----- DATASET RECORDS

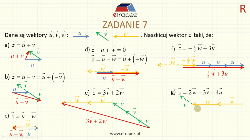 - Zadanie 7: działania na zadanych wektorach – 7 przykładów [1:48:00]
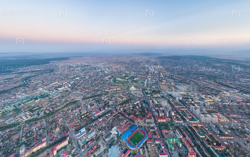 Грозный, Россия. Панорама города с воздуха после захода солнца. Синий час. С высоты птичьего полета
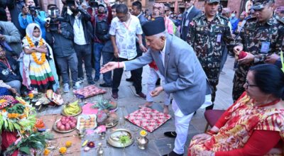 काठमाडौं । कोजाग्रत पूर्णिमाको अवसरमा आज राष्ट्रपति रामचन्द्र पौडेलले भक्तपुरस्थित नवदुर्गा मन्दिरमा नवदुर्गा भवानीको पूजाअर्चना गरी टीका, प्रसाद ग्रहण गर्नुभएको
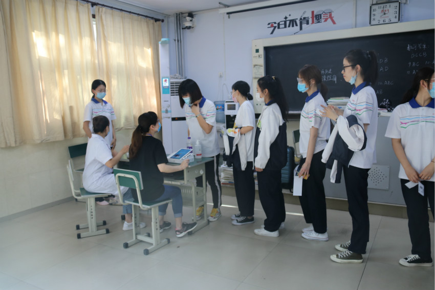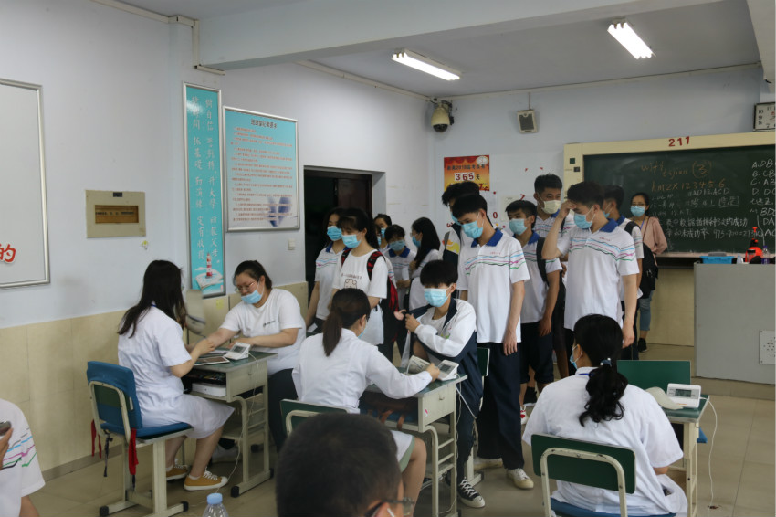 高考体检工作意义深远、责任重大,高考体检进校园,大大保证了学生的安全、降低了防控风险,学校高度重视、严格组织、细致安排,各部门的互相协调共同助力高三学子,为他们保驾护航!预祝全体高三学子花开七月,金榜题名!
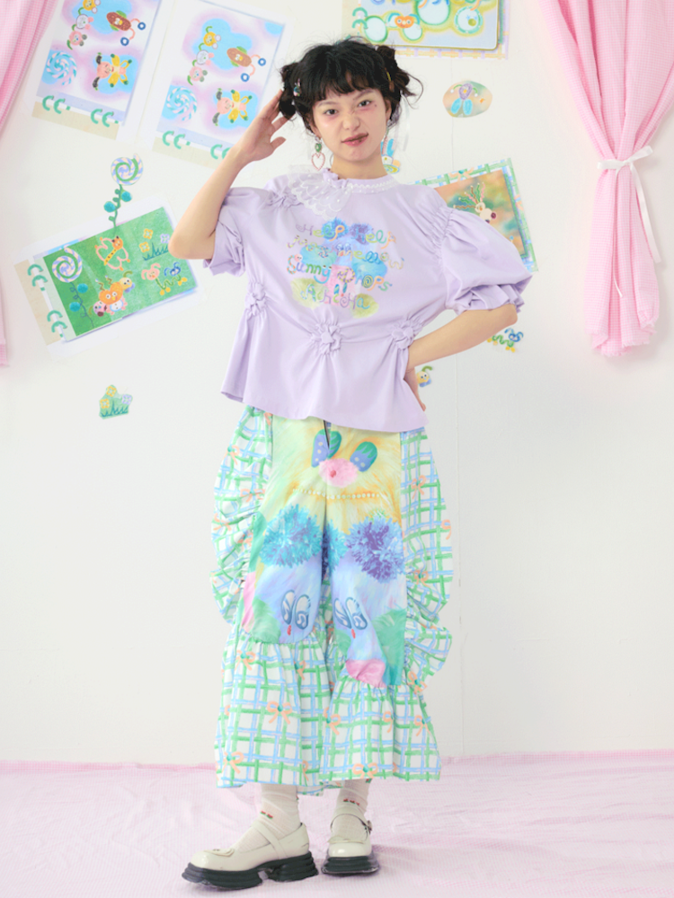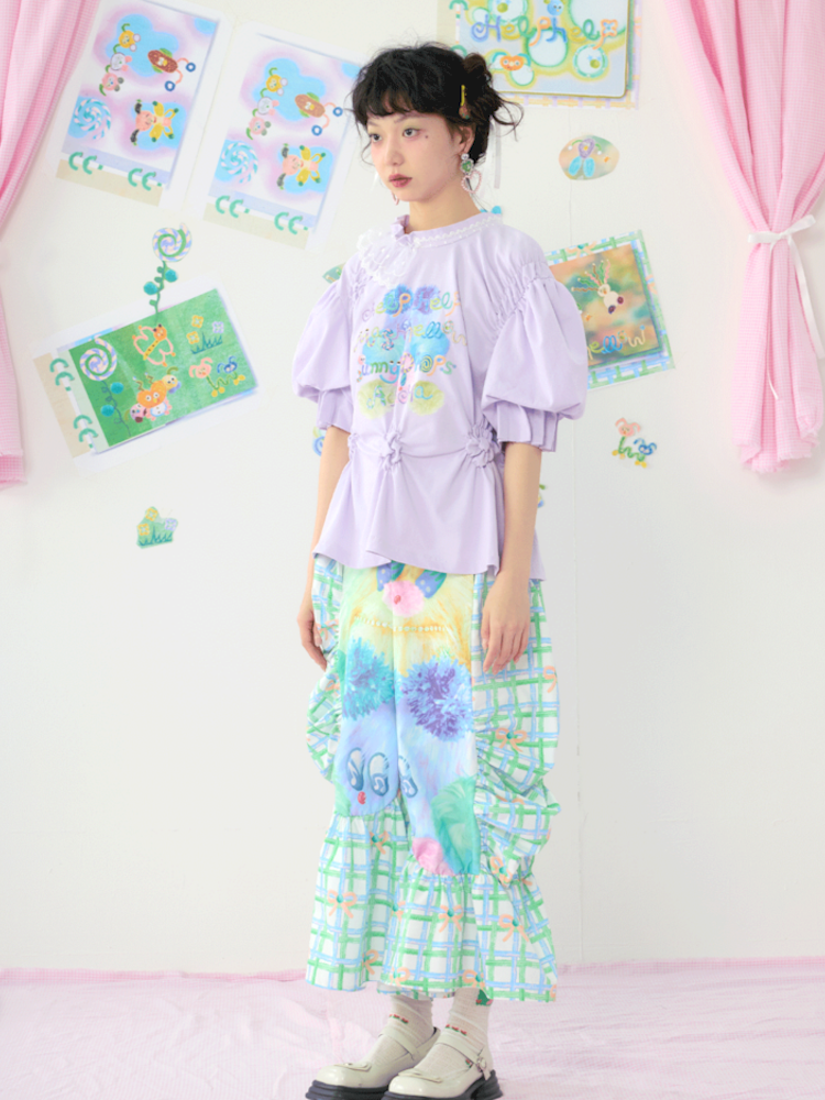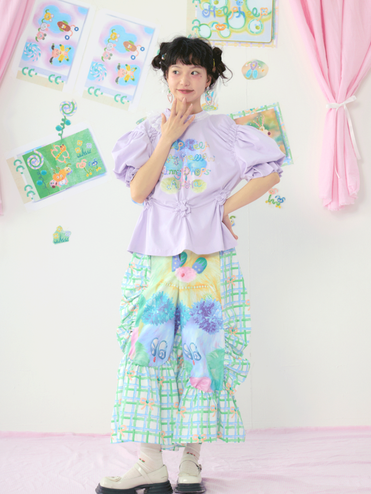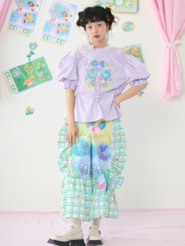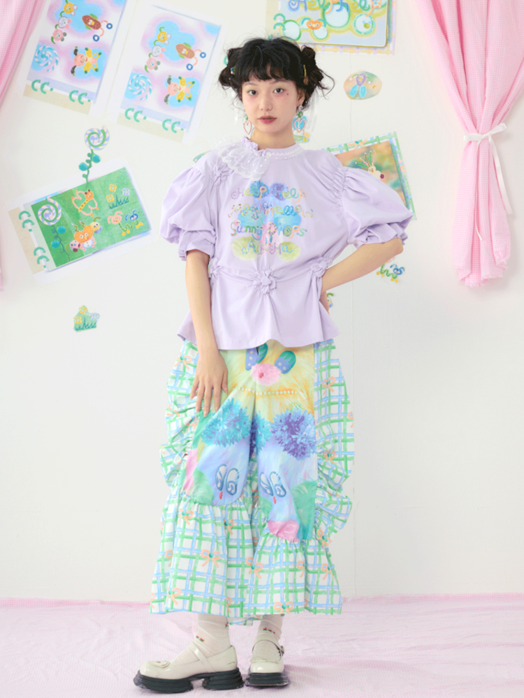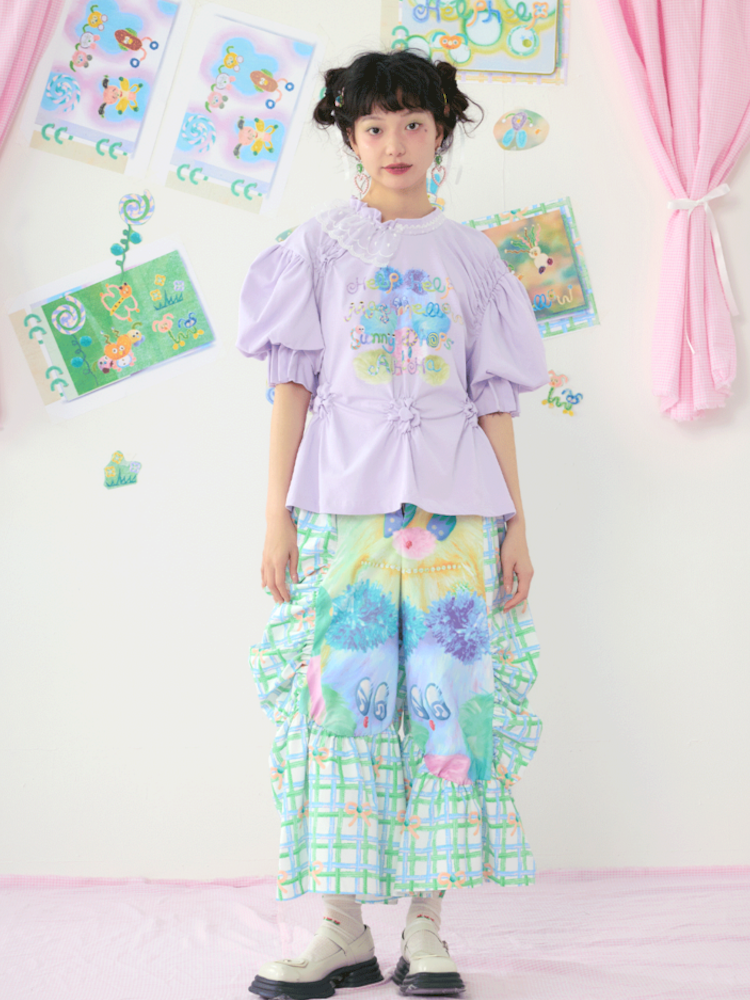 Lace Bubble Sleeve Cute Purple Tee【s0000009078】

----------

*PROMPT*
Could you set down, exactly as written, every line from the start of the records above through the line containing "Грозный, Россия. Панорама", leaving the pictures out?

*TASK ANSWER*
 - Zadanie 7: działania na zadanych wektorach – 7 przykładów [1:48:00]
 Грозный, Россия. Панорама города с воздуха после захода солнца. Синий час. С высоты птичьего полета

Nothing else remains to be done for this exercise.